In the Heart of the Beast Puppet and Mask Theater plans to sell its Avalon Theatre, the 300-seat 1930s art deco building on Minneapolis’s Lake Street where the company has performed and offered workshops since 1988 and bought in 1990. And the company is looking for homes for the company’s archive of thousands of puppets as it vacates a nearby storage warehouse that it has been renting—including giving the puppets to their creators or donating them to museums.
“We are losing the hallowed halls filled with memories,” Victoria Cox, the board’s treasurer, told the Minneapolis Star Tribune via email in August. “But we are being freed from the pressure of sustaining a space that does not meet our needs in terms of programming and accessibility.”
In the Heart of the Beast hopes to find a new home—perhaps a storefront with room for performances and workshops, where they’ll keep just a “small inventory,” a “working collection” of the remaining puppets.
“As we rebuild from the impacts of COVID-19 we are right-sizing our organization,” the company said on its website in August. “It’s time to find a new, smaller home that will allow us to live into our vision of a decentralized MayDay [Parade]. That includes moving into a new space that is more sustainable and accessible.”
In the Heart of the Beast is best known for its MayDay Parade, a community spectacle of giant papier-mâché puppets, stilters, dancers, bicyclists and dogs through south Minneapolis. Beginning in 1975, it produced the parade annually to celebrate the arrival of spring. It attracted an audience of tens of thousands, but the costs of the parade often outpaced the donations and grants it generated.

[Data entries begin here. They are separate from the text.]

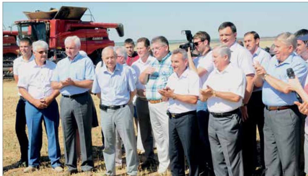
День поля в АО «АКСАЙСКОЕ»

1944 • ССХИ • ВСХИ • ВТСКА • ВОЛГАУ • 2019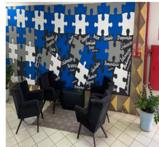
Hall de convivência dos servidores – Centro Administrativo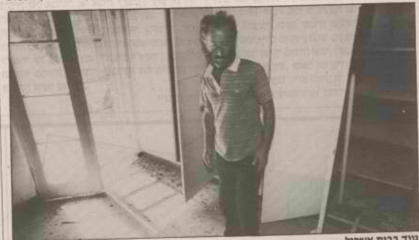
נווד בבית אשכול

מסתייגת עם זאת מהקמת מרכז תרבות במבנה, שהוצאות רכישתו ושיפוצו גבוהות. הסבת הבניין למתנ"ס כרוכה גם כשינוי החלטת ממשלה, שכאמור יעדה את הבניין ליד לוי אשכול. על רקע זה החליטה הוועדה להנצחת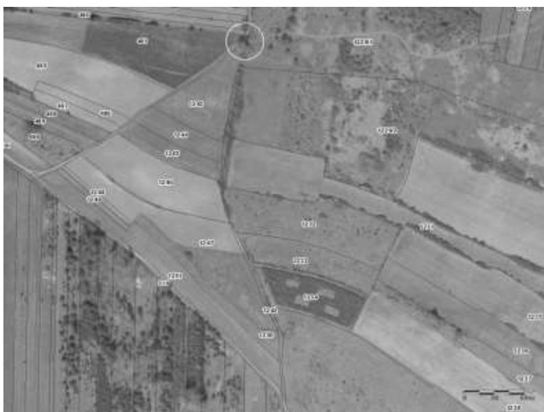
Ryc. 7. Góra Skarzawa (zachodnie zbocze) z zaznaczonym miejscem odkrycia brukowanej drogi (w białym kółku) oraz biegnącym w kierunku południowym jarem, reliktem dawnej drogi, na zdjęciu satelitarnym z zaznaczonym podziałem katastralnym

Inspired by Bread and Puppet Theater in Vermont, David O’Fallon and Ray St Louis founded the company as the Powderhorn Puppet Theatre in 1973, and initially worked out of the basement of Walker Church in Minneapolis’s Powderhorn neighborhood. Sandy Spieler served as artistic director from 1977 to 2015, and continued to lead the MayDay Parade project through 2019.
While the announcement to sell the Avalon and disperse the puppet archive arrives amidst covid pandemic closures, the company has been wrestling with its future for some time. In January 2019, it cut staff, reduced programs, and announced that the MayDay Parade had grown too big to produce without partners.

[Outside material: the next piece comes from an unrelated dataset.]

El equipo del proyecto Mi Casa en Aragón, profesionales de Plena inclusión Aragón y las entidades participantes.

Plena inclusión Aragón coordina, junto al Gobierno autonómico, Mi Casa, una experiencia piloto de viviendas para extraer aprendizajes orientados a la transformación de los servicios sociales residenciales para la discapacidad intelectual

“MayDay in its current form is not only unsustainable financially and logistically, the creation process systematically marginalizes and appropriates the work of artists of color. This cannot be allowed to continue. The HOBT Leadership Team has decided that taking time off from producing MayDay to pause and redesign MayDay is the best way to come back with a stronger, more equitable MayDay in the future,” the company said on its website in January 2019.

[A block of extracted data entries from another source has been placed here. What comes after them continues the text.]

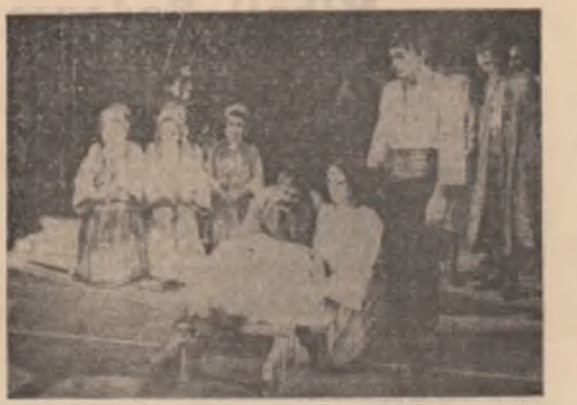
Imagine din spectacolul „Singe impur” al Teatrului Național de dramă din Belgrad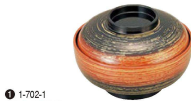
① 1-702-1 [A] 6.5寸盛込椀 レインボー内黒塗 (仕切別) ¥4,400 (19.8φ×13) 榧40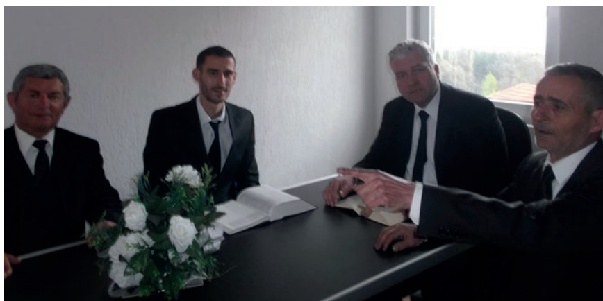
Apostul Otten me vëllezërit administratë në Pejë

Rreth orës 19.00 shkojmë për darke dhe biseda vazhdon mbi organizimin e bashkësisë, shërbesat fetare, punën e vellezerve të administratës, organizimin e shërbesës të dt.17 Maj, që do të organizohet vecanerisht për miq e të ftuar në të gjitha bashkësitë e Shqipërisë sidhe vizitën e Apostulit Kryesor që do të zhvillohet në muajin Korrik 2016 në Shqipëri.

In June 2019, after that year’s MayDay spectacle, the company announced: “Record attendance reinforces the notion that HOBT’s MayDay has grown too large for HOBT to serve as the sole producing entity. Record numbers also indicate attendees are passionate about finding a way for the event to continue.”
The company had already been working with the consulting firm Deliver and Juxtaposition Arts, surveyed more than 300 people, and held meetings as it worked to reimagine itself—including the question of whether to stay in the Avalon Theatre, which required significant maintenance.
In September 2019, the company announced that it would not present a MayDay Parade in in 2020 as it worked to reimagine the event—in part as an effort to make it more diverse and inclusive. “It is increasingly clear to me that it is just not possible to produce the MayDay that people have come to know and love and at the same time, do the work to change it,” Corrie Zoll, Heart of the Beast’s then executive director, told the Minneapolis Star Tribune at the time. ”So if what we can do in the next year is either produce MayDay or redesign MayDay, this is a choice to redesign MayDay.”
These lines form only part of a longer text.